====== DATASET EXCERPTS ======
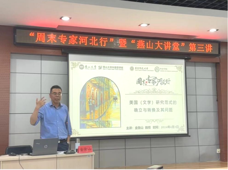 【新闻中心讯】6月3日外国语学院“周末专家河北行”暨 “燕山大讲堂”第三讲在报告厅举行。此次讲座邀请了国内知名美国(文学)研究专家华东师范大学博士研究生导师金衡山教授,深入剖析“美国(文学)研究范式的确立与转换及其问题”。金衡山教授现任华东师范大学美国研究中心副主任,兼任全国美国文学研究会常务理事,中国英语教学研究会常务理事,上海美国学会常务理事,上海外国文学研究会常务理事,主要研究美国文学、美国文化和美国研究。讲座由副院长付继林主持,学院硕士生导师和研究生参加了讲座。
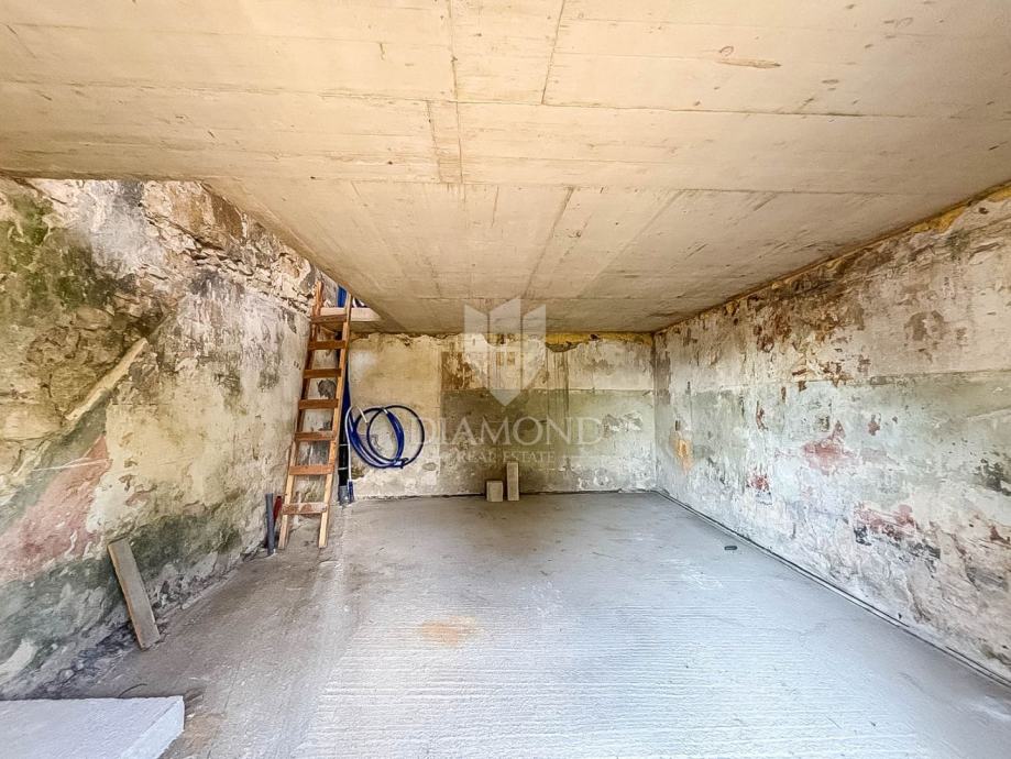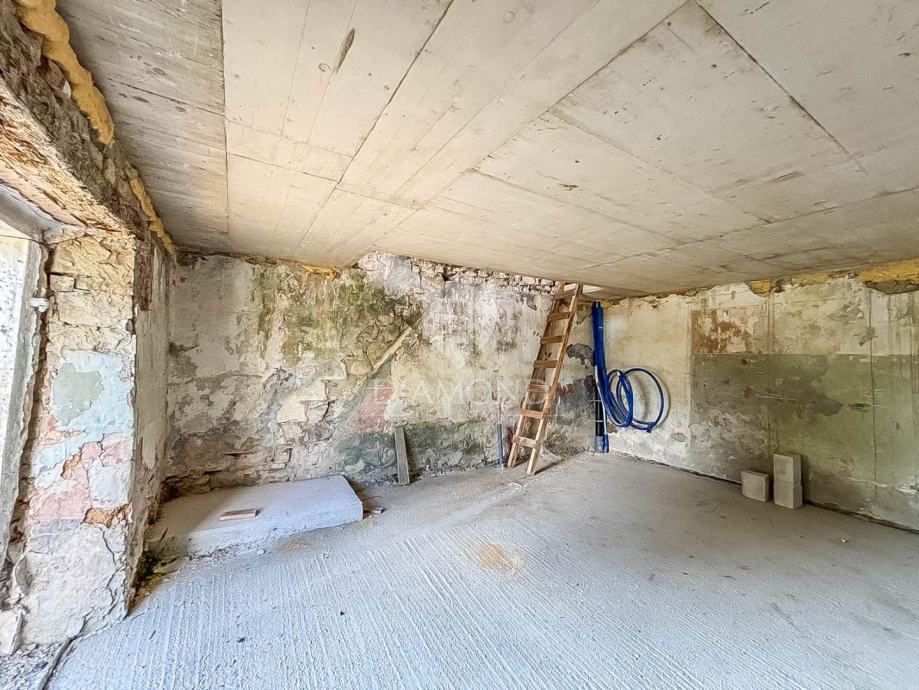 Radi se o kući u nizu tlocrtne brutto površine 35 m2. Kuća je u tijeku rekonstrukcije te se prodaje u postojećem stanju. U prizemlju se prema projektu predviđa kuhinja s blagovaonicom i dnevni boravak s izazom u dvorište. Unutarnjim stepenicama se dolazi na kat gdje je smještena prva spavaća soba sa kupanicom te drugi kat gdje je smještena druga spavaća soba sa kupanicom s pogledom na more. Postojeći zidovi će zadržatu originalan kamen što će novoj modernoj kući dati poseban šarm svojega vremena. Sa kuće se pruža pogled na more i na lijepi istarski krajolik.
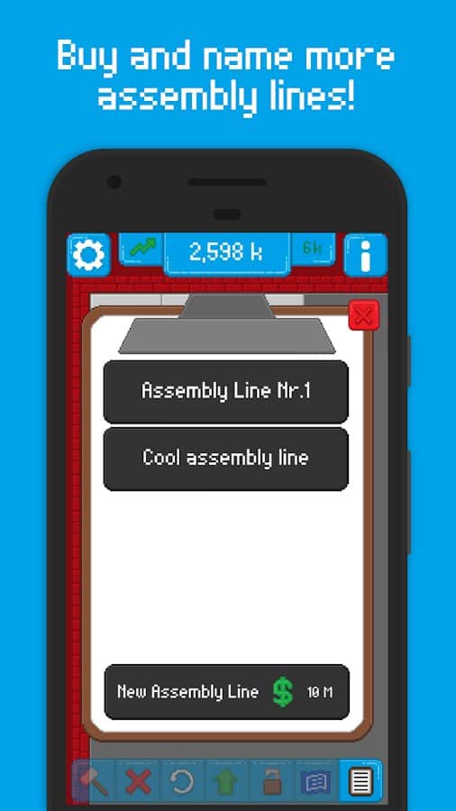 Assembly Line - Ваш бизнес будет напрямую процветать от того, чем больше продукции будет вырабатываться на сборочной ленте. Так как вы только начинаете, в самом начале лента приносит не много микросхеи, но со временем вы сможете её значительно улучшить и сделать процесс намного быстрее. Кроме количества, у вас будет возможность повысить качество, так как чем лучше сама сборочная линия — тем проще получить ресурсы посложнее. Всего у вас будет 12 механизмов, больше 20 обновлений и 40 ресурсов для производства.
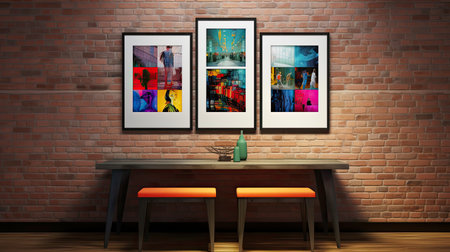 A dining room table with four framed pictures on the wall. Generative AI image.
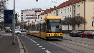- Trassierung: Ausbau der Gleistrasse (wie davor bereits vorhanden) mit mindestens 3-Meter-Achsabstand für die breiteren Stadtbahnwagen; Aufweitung der Gleise an der Kreuzung Meißner Straße/Zinzendorfstraße/August-Bebel-Straße, um zwischen den Gleisen eine extra Spur für Linksabbieger zu schaffen und so die Leistungsfähigkeit für alle Verkehrsteilnehmenden zu erhöhen
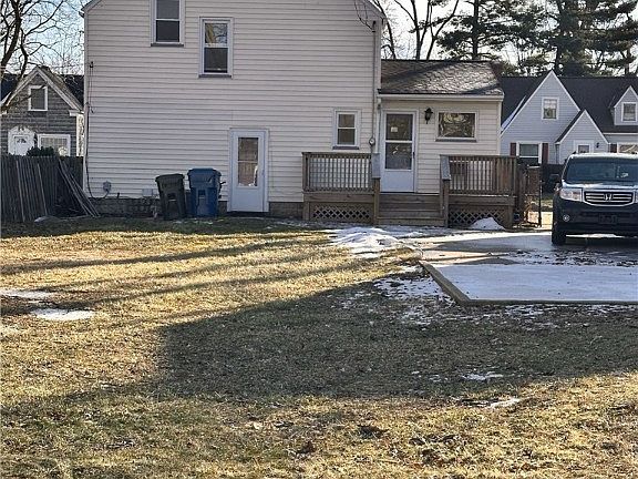 Not too many homes to choose from right now so do not miss out on this great opportunity. This 3 bedroom 1 bath Colonial packs a punch for its size. Many updates have been made to this home over the years. It has a nice kitchen with newer cabinets that have lighting below that helps feature the countertops and has a nice glow. Appliances include a large side-by-side refrigerator, range oven, microwave, and dishwasher. The living room features a fireplace and the dining room has built-in cabinets. The bonus family room next to the living room has a cathedral ceiling with a fan and has access to the backyard deck. Bedrooms are all upstairs including the main bath that has been updated. The basement is partially finished and has a sitting area, a laundry area with a toilet, and a small workshop. The backyard is very large and nice with plenty of room to play in. The garage had to be taken down but the foundation still exists. A one-year home warranty is included for the buyer.
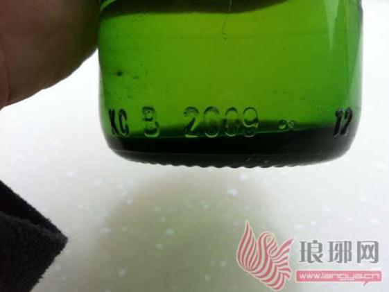 4月29日下午,在金雀山路与沂州路交会处附近一家快餐店里,记者见到了赵先生所说的啤酒瓶,只见酒瓶下面的内部,有些许黑色的斑点,酒瓶外侧底部印有“2009”的字样。
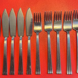 Bestick i metall. Gense Thebe. 11 st. skedar längd 18 cm, 12 st. knivar 19,5 cm och 12 st. gafflar 19 cm.
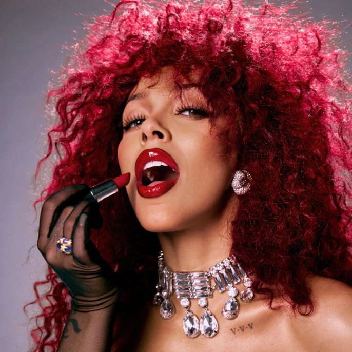 一方の私たちはというと、スキンフィニッシュ ライトストラック リキッド ハイライター、ダズルシャドウ リキッド アイシャドウ、そして マキシマル シルキー マット リップスティックを使って彼女のまばゆいメイクルックを再現することをずっと夢見ています。
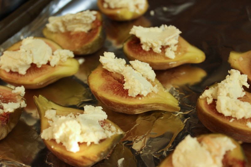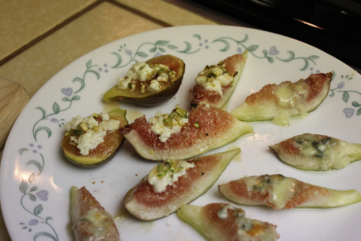 Figs topped with goat cheese and gorgonzola, ready to be eaten
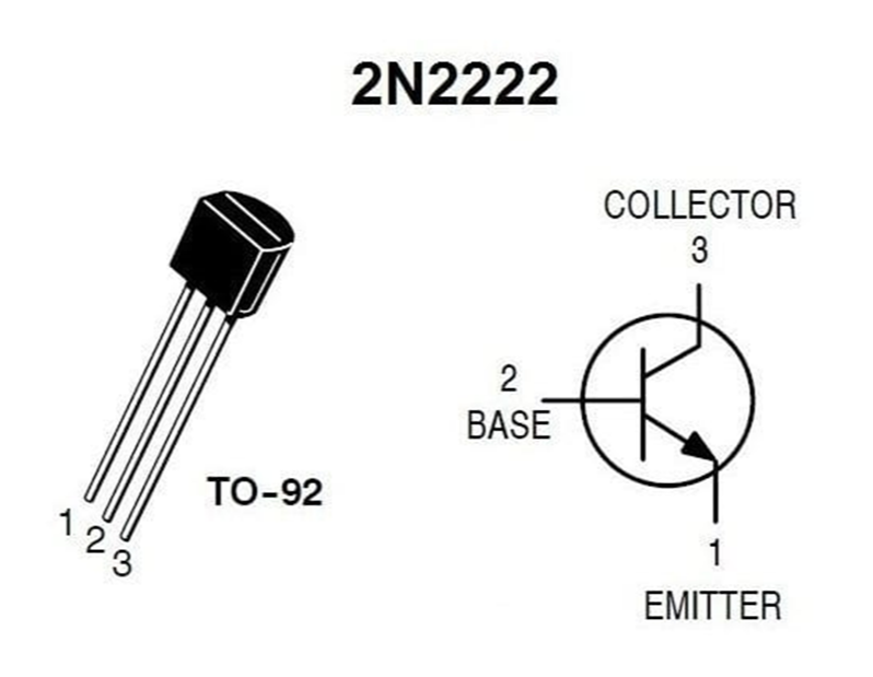2N2222는 NPN 트랜지스터로, 두 개의 N 도핑 층 사이에 단일 P 도핑 층이 내장되어 있습니다.
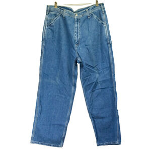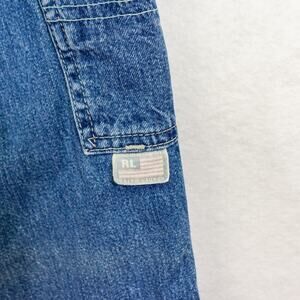 Elevate your style with these vintage Ralph Lauren carpenter jeans. The jeans are made of high-quality cotton denim material and come in a classic blue color that is perfect for any season. They feature a mid-rise waist with a relaxed fit style, along with cargo pockets. The jeans have a zip and button closure and are machine washable for easy maintenance. They are available in size 38 with a 30-inch inseam. These timeless jeans are perfect for any casual occasion and will surely become a staple in your wardrobe. These vintage jeans are gently used in good condition. Inseam 30", waist 38", rise 14"
======
▶ WHAT YOU SHOULD DO: Retype every entry exactly as written. Leave the pictures out.

▶ ANSWER SPACE:
 【新闻中心讯】6月3日外国语学院“周末专家河北行”暨 “燕山大讲堂”第三讲在报告厅举行。此次讲座邀请了国内知名美国(文学)研究专家华东师范大学博士研究生导师金衡山教授,深入剖析“美国(文学)研究范式的确立与转换及其问题”。金衡山教授现任华东师范大学美国研究中心副主任,兼任全国美国文学研究会常务理事,中国英语教学研究会常务理事,上海美国学会常务理事,上海外国文学研究会常务理事,主要研究美国文学、美国文化和美国研究。讲座由副院长付继林主持,学院硕士生导师和研究生参加了讲座。
 Radi se o kući u nizu tlocrtne brutto površine 35 m2. Kuća je u tijeku rekonstrukcije te se prodaje u postojećem stanju. U prizemlju se prema projektu predviđa kuhinja s blagovaonicom i dnevni boravak s izazom u dvorište. Unutarnjim stepenicama se dolazi na kat gdje je smještena prva spavaća soba sa kupanicom te drugi kat gdje je smještena druga spavaća soba sa kupanicom s pogledom na more. Postojeći zidovi će zadržatu originalan kamen što će novoj modernoj kući dati poseban šarm svojega vremena. Sa kuće se pruža pogled na more i na lijepi istarski krajolik.
 Assembly Line - Ваш бизнес будет напрямую процветать от того, чем больше продукции будет вырабатываться на сборочной ленте. Так как вы только начинаете, в самом начале лента приносит не много микросхеи, но со временем вы сможете её значительно улучшить и сделать процесс намного быстрее. Кроме количества, у вас будет возможность повысить качество, так как чем лучше сама сборочная линия — тем проще получить ресурсы посложнее. Всего у вас будет 12 механизмов, больше 20 обновлений и 40 ресурсов для производства.
 A dining room table with four framed pictures on the wall. Generative AI image.
- Trassierung: Ausbau der Gleistrasse (wie davor bereits vorhanden) mit mindestens 3-Meter-Achsabstand für die breiteren Stadtbahnwagen; Aufweitung der Gleise an der Kreuzung Meißner Straße/Zinzendorfstraße/August-Bebel-Straße, um zwischen den Gleisen eine extra Spur für Linksabbieger zu schaffen und so die Leistungsfähigkeit für alle Verkehrsteilnehmenden zu erhöhen
 Not too many homes to choose from right now so do not miss out on this great opportunity. This 3 bedroom 1 bath Colonial packs a punch for its size. Many updates have been made to this home over the years. It has a nice kitchen with newer cabinets that have lighting below that helps feature the countertops and has a nice glow. Appliances include a large side-by-side refrigerator, range oven, microwave, and dishwasher. The living room features a fireplace and the dining room has built-in cabinets. The bonus family room next to the living room has a cathedral ceiling with a fan and has access to the backyard deck. Bedrooms are all upstairs including the main bath that has been updated. The basement is partially finished and has a sitting area, a laundry area with a toilet, and a small workshop. The backyard is very large and nice with plenty of room to play in. The garage had to be taken down but the foundation still exists. A one-year home warranty is included for the buyer.
 4月29日下午,在金雀山路与沂州路交会处附近一家快餐店里,记者见到了赵先生所说的啤酒瓶,只见酒瓶下面的内部,有些许黑色的斑点,酒瓶外侧底部印有“2009”的字样。
 Bestick i metall. Gense Thebe. 11 st. skedar längd 18 cm, 12 st. knivar 19,5 cm och 12 st. gafflar 19 cm.
 一方の私たちはというと、スキンフィニッシュ ライトストラック リキッド ハイライター、ダズルシャドウ リキッド アイシャドウ、そして マキシマル シルキー マット リップスティックを使って彼女のまばゆいメイクルックを再現することをずっと夢見ています。
 Figs topped with goat cheese and gorgonzola, ready to be eaten
2N2222는 NPN 트랜지스터로, 두 개의 N 도핑 층 사이에 단일 P 도핑 층이 내장되어 있습니다.
 Elevate your style with these vintage Ralph Lauren carpenter jeans. The jeans are made of high-quality cotton denim material and come in a classic blue color that is perfect for any season. They feature a mid-rise waist with a relaxed fit style, along with cargo pockets. The jeans have a zip and button closure and are machine washable for easy maintenance. They are available in size 38 with a 30-inch inseam. These timeless jeans are perfect for any casual occasion and will surely become a staple in your wardrobe. These vintage jeans are gently used in good condition. Inseam 30", waist 38", rise 14"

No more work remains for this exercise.